The Blyth Power lineup on the album featured a young Jamie Hince, who went on to form hipster duo The Kills and marry Kate Moss. So there you go, kids, if you want to be urban, sophisticated and marry a supermodel it doesn’t hurt to play a bit of anarcho-punk. They are divorced now, though.
Leatherface – Springtime
Leatherface were one of the few punk bands to emerge during my youth that remain firm favorites. The rough-hewn Tynesiders served up Frankie Stubbs’s gravelly vocals, ferociously played Gordon Smith guitars, and distorted Marshall amps yet the band somehow managed at times to sound strikingly beautiful. While not a massive commercial success, the album Mush, from which Springtime is taken, managed to partially cross over into the mainstream, its fuzzy melodies appealing to fans of 90s alternative rock and a huge influence on much bigger bands and appeared on various Best of… lists in the music press.
Zounds – True Love
The classic Curse of Zounds is rightly considered a landmark of anarcho-punk but it’s actually full of slightly gothic storming pop tunes. One of my favorite of these is the emotional angst of True Love.
Death – Politicians in my eyes
Death is a band that’s come to be seen as a real progenitor of punk rock in recent years. Hailing from Detroit, Michigan in the 70s by brothers Bobby (bass, vocals), David (guitar), and Dannis (drums) Hackney the band moved a psychedelic funk sound towards a stripped down early punk vibe. Think The Meters go punk and you’re about there. 1974 album …For the Whole World is now rightly seen as a classic, Politicians in my Eyes a standout.
Alice Donut – American Lips
When I was a teen I’d listen to pretty much anything put out by Alternative Tentacles and one of these bands was Alice Donut. My favourite track of theirs is American Lips, which is a sort of punky reimagining of something like REM’s End of the World as We Know it or Billy Joel’s We Didn’t Start the Fire. It pretty much sums up contemporary America in a nutshell.
The Pagans – What’s This Shit Called Love?
At some point I started to branch off from the Dead Kennedys and began binging on as much early US punk as I could get my ears on.
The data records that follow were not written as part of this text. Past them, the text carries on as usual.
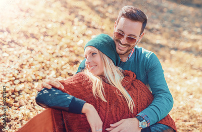 Romantic couple in autumn park. Love and romance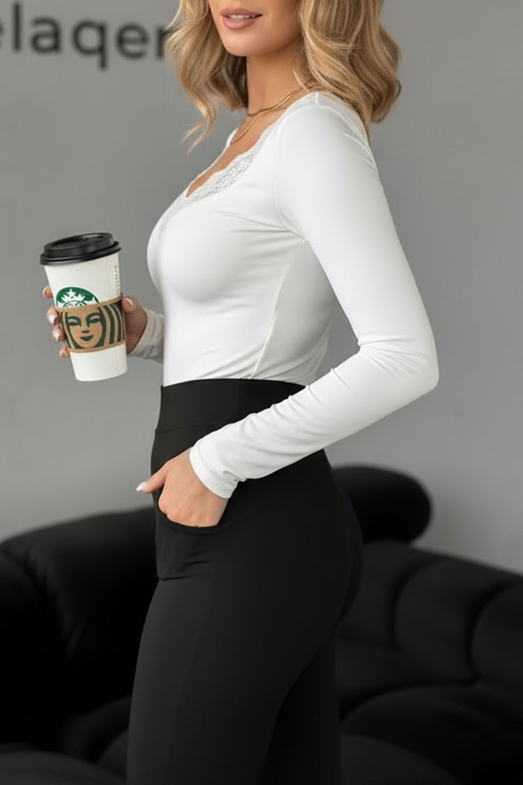 - Το μοντέλο έχει κλασική γραμμή και λεπτή δαντέλα στη λαιμόκοψη.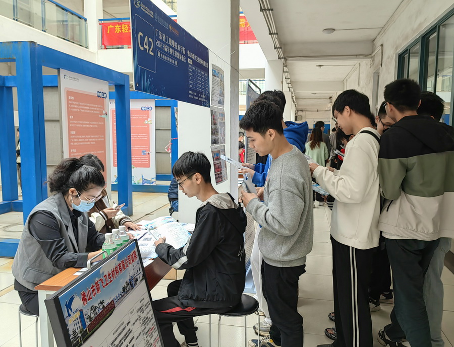 机电学院专场招聘会上,精心准备的毕业生和求贤若渴的企业实现了“双向奔赴”。天马微电子、佛山金银河智能装备、广东利元亨、广东华南特种气体研究所、广东鼎湖山泉、广东敏卓机电等60家知名企业入场求贤,共提供岗位数2293个。据了解,当天各企业平均收到毕业生简历50余份。技术技能型突出人才普遍受到企业青睐,有企业对获得过省级技能竞赛一等奖以上的毕业生开出了起薪11000元/月的薪金,引人瞩目。现场有企业代表表示,“大环境下就是市场抢人”,在技术技能型人才供给上,高职院校有天然优势,成为不少智能制造企业寻找“人才生力军”的首选。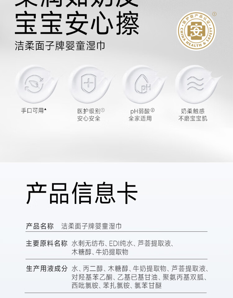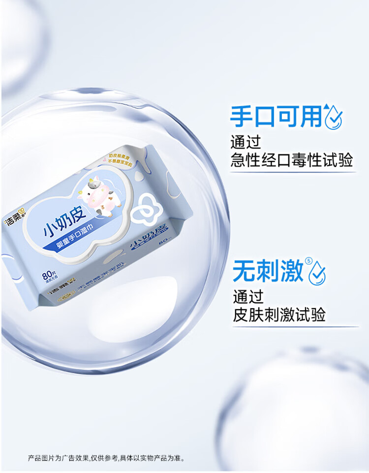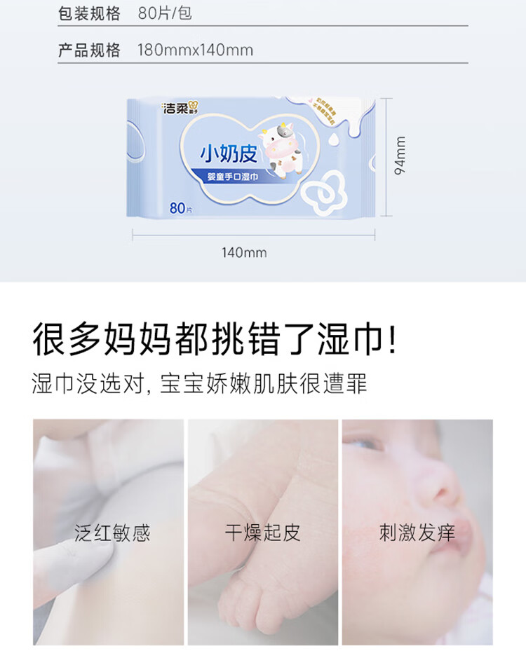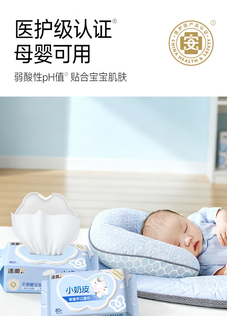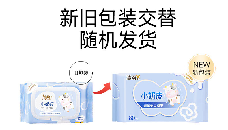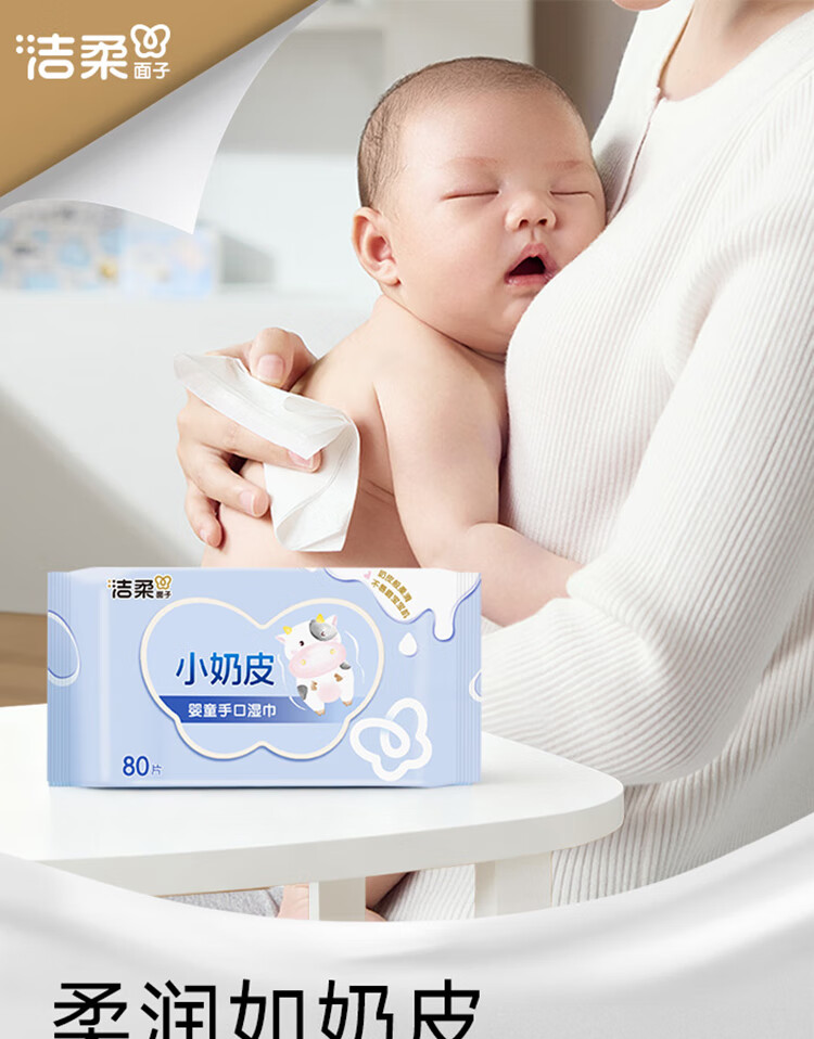 洁柔婴儿湿巾亲肤小奶皮80抽*6包湿纸巾婴儿手口屁专用儿口手口湿巾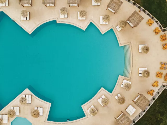 Komplex pozostáva z hlavnej budovy a niekoľkých vedľajších budov zasadených v krásnej záhrade. Nachádzajú sa tu vstupná hala s recepciou, hlavná reštaurácia, reštaurácie à la carte, lobby bar, minimarket, niekoľko vonkajších sladkovodných bazénov (vrátane detských bazénov so šmykľavkami) a bar pri bazéne. Slnečné ležadlá a slnečníky sú k dispozícii zdarma.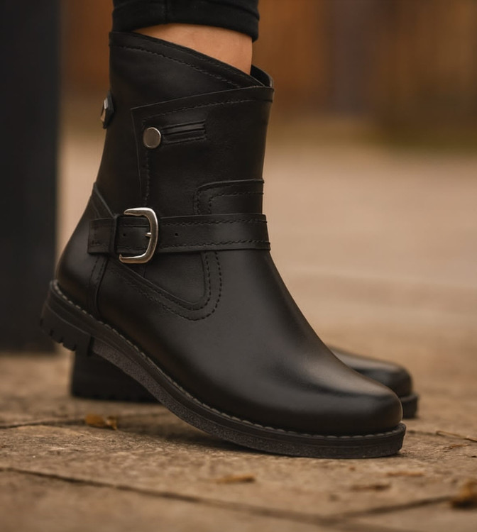 با این نیم بوت مشکی شیک و بادوام، استایل پاییزی خود را کامل کنید و از ترکیب زیبایی و راحتی در هر قدم لذت ببرید.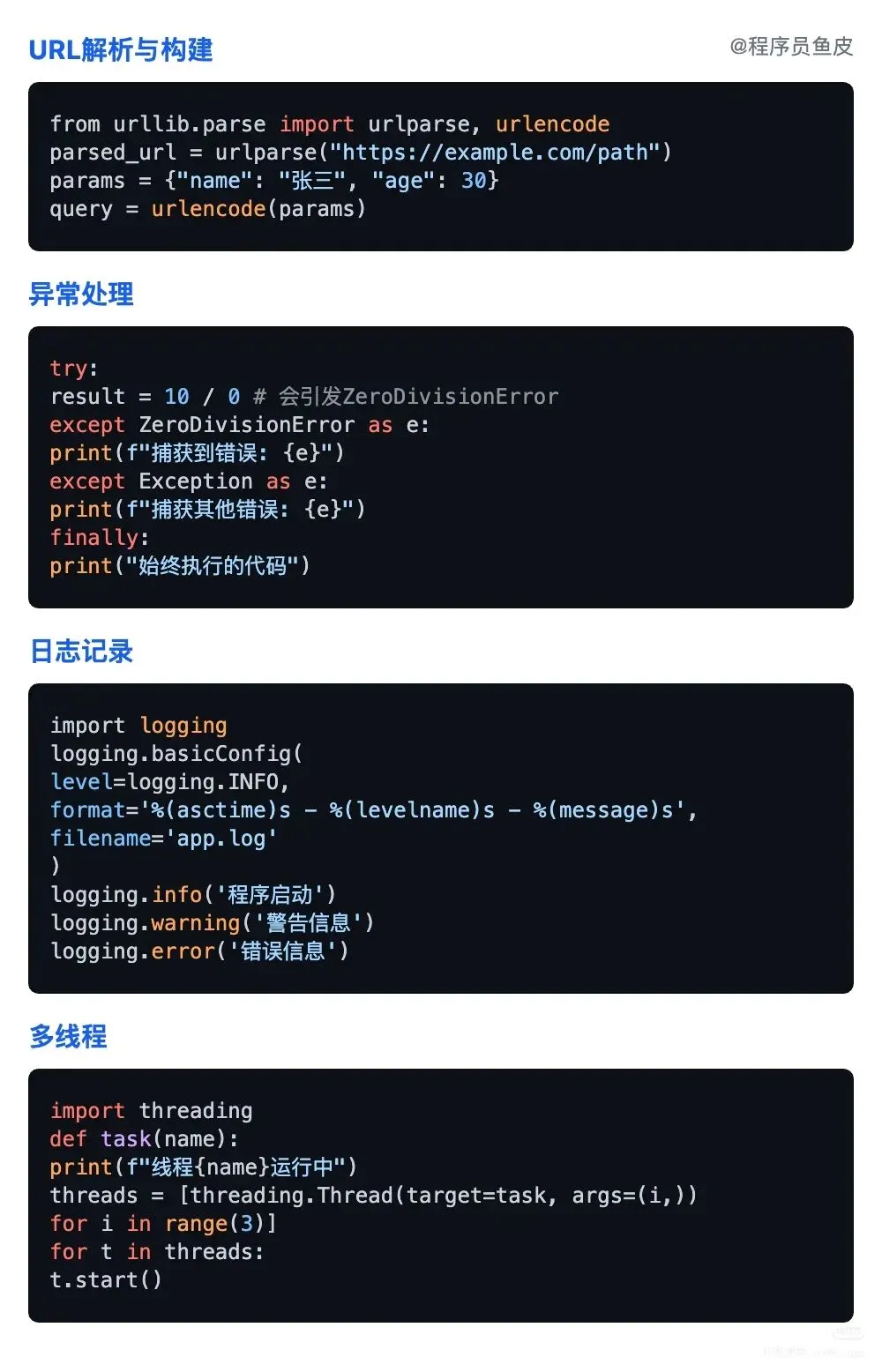 要点解析: try-except 可以针对不同的异常类型编写不同的处理逻辑, else 和 finally 是可选的,用于完善处理流程。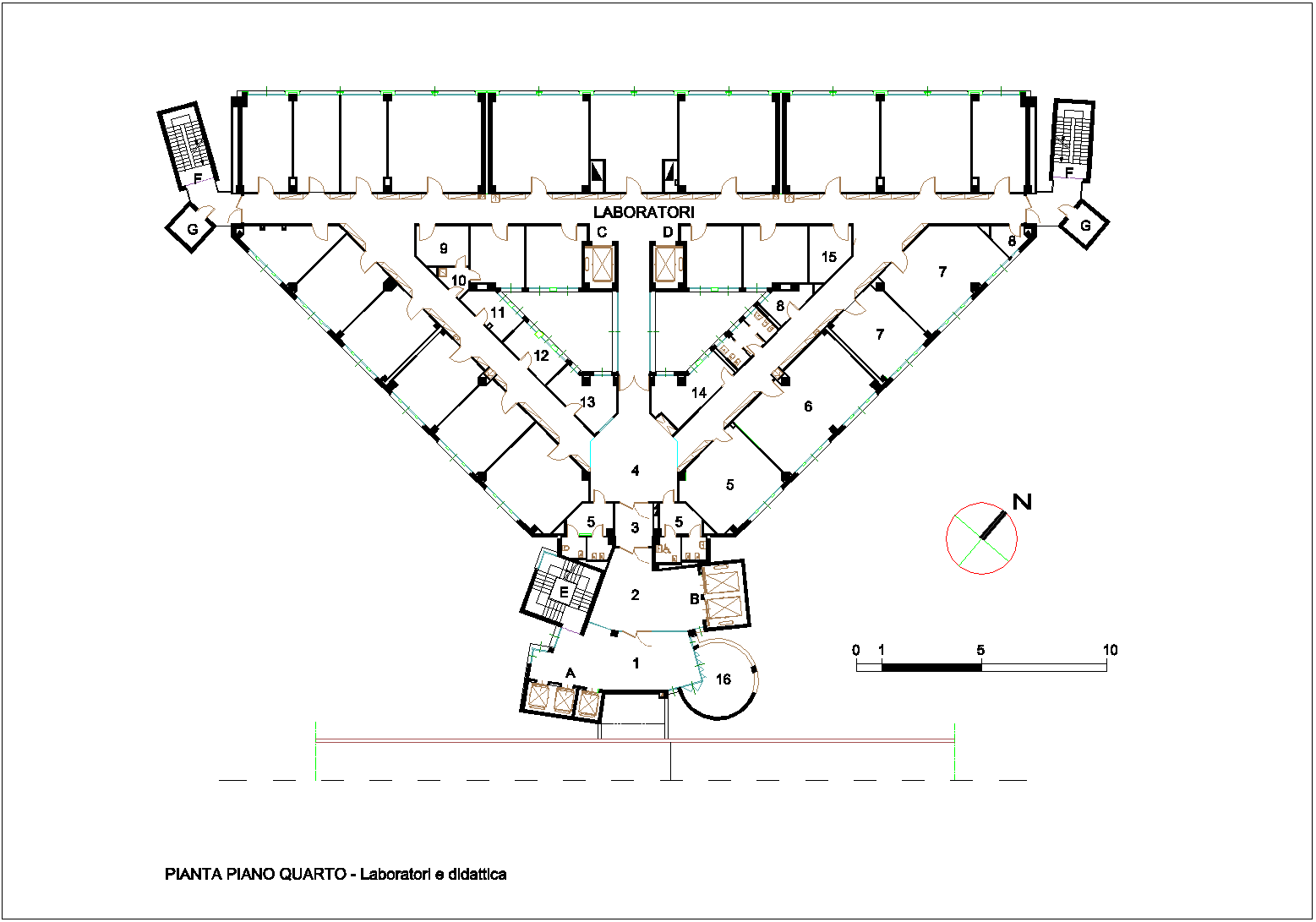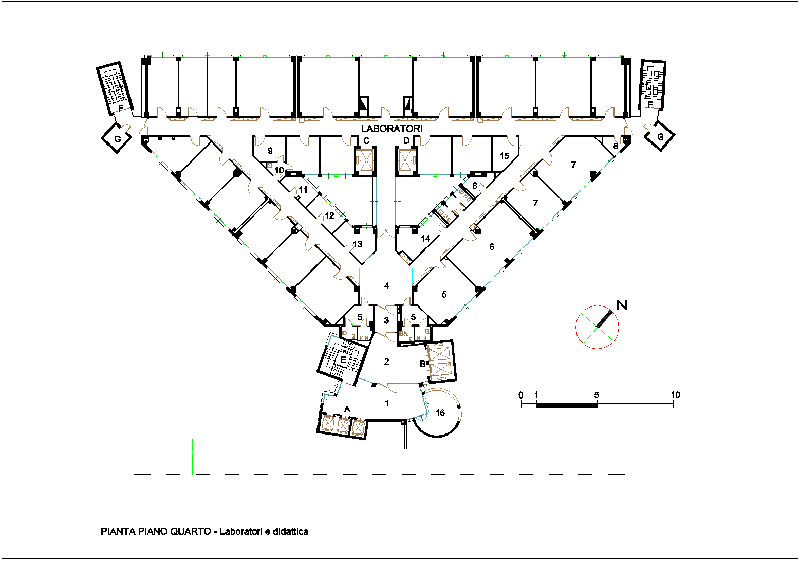 - - Pianta del piano quarto destinato a laboratori e aule didattiche.

One band I discovered were from Cleveland, Ohio and called the Pagans. This is my favourite song of theirs – features a guitar so scuzzed-up it barely sounds like a guitar anymore. Pure punk.
CRASS – Big A, Little A
Another ‘hairs on the back of your neck’ song when you first hear it in your mispent yoof. Big A Little A is a brutal assault on against government, the royals and then still powerful religion. It’s a song where every lyric hits home perfectly. There’s there’s a real catchiness to it too, something which CRASS sometimes lacked.